=== Section Start ===

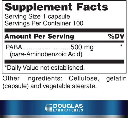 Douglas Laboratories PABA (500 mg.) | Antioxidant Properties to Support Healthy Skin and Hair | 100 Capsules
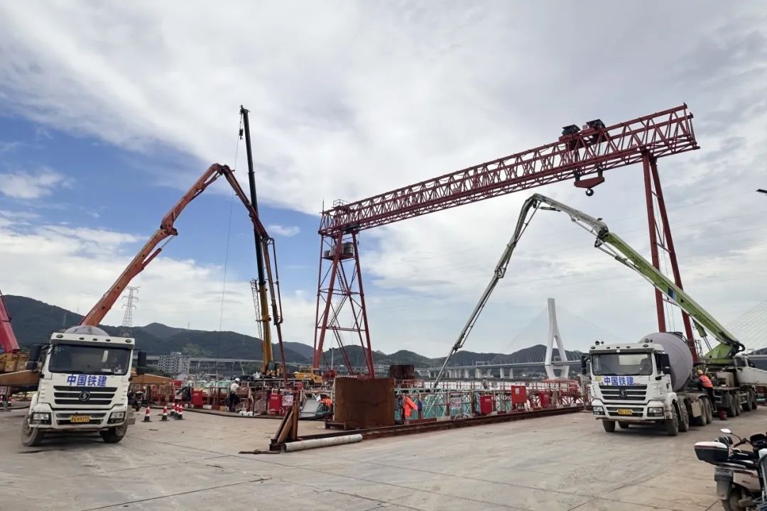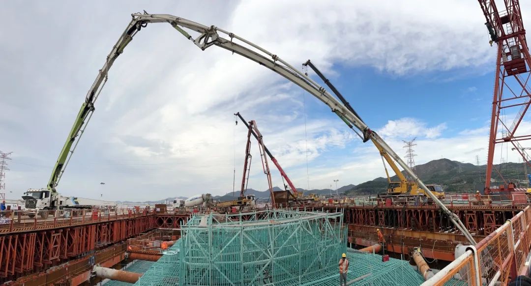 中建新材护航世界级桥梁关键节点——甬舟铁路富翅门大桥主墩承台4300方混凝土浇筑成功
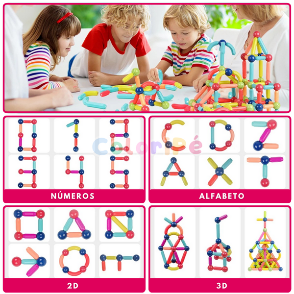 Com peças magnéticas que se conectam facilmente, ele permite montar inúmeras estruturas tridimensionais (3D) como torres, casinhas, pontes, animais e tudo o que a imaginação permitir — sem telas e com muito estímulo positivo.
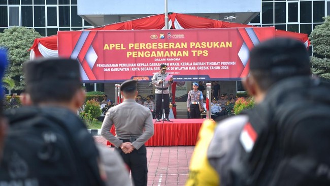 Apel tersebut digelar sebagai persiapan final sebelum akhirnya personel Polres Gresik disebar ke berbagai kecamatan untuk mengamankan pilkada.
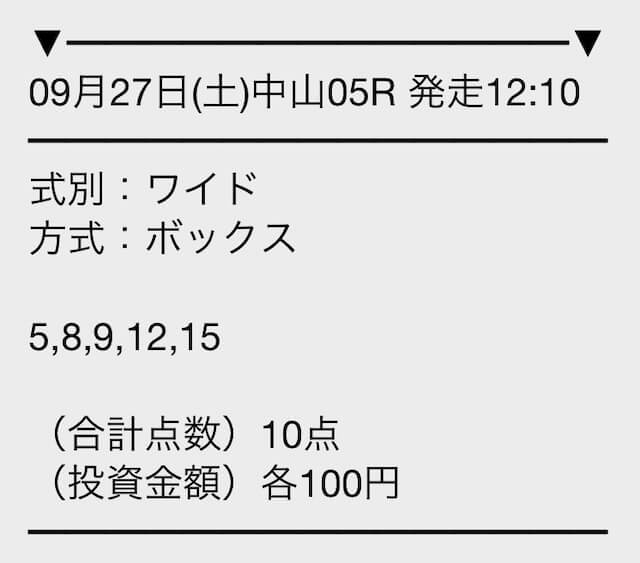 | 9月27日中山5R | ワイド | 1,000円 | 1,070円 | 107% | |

=== Section End ===
=== Section Start ===

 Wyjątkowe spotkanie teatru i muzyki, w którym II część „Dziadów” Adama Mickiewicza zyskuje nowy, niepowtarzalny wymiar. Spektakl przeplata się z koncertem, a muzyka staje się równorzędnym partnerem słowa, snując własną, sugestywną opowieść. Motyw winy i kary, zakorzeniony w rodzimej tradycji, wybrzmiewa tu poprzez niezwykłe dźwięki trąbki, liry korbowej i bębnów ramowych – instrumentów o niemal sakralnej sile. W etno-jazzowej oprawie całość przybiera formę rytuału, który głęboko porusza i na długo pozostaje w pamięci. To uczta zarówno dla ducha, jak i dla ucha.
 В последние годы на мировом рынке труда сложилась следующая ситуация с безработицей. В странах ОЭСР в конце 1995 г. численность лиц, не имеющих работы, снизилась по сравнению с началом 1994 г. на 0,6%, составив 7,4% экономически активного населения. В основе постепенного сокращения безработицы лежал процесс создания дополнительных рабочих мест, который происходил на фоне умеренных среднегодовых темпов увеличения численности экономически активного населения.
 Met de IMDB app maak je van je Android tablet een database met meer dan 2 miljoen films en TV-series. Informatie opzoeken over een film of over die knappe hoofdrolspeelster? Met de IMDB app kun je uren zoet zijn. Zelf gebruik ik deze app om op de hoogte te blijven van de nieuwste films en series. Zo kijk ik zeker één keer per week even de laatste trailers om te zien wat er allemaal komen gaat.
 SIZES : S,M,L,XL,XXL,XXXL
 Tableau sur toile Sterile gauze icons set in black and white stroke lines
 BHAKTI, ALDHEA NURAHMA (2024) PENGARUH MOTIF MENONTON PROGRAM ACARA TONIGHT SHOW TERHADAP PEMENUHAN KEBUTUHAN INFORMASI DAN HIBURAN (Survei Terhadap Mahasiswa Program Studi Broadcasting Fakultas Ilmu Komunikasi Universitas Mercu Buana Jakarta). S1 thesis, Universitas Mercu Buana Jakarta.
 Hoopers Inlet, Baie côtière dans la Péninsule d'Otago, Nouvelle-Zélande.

=== Section End ===

- EXERCISE GOAL
Output exactly the lines above, from the line with "Douglas Laboratories PABA" to the line with "1,070円 | 107% | |", both included; skip the pictures.

- REPLY TO THE EXERCISE
 Douglas Laboratories PABA (500 mg.) | Antioxidant Properties to Support Healthy Skin and Hair | 100 Capsules
 中建新材护航世界级桥梁关键节点——甬舟铁路富翅门大桥主墩承台4300方混凝土浇筑成功
 Com peças magnéticas que se conectam facilmente, ele permite montar inúmeras estruturas tridimensionais (3D) como torres, casinhas, pontes, animais e tudo o que a imaginação permitir — sem telas e com muito estímulo positivo.
 Apel tersebut digelar sebagai persiapan final sebelum akhirnya personel Polres Gresik disebar ke berbagai kecamatan untuk mengamankan pilkada.
 | 9月27日中山5R | ワイド | 1,000円 | 1,070円 | 107% | |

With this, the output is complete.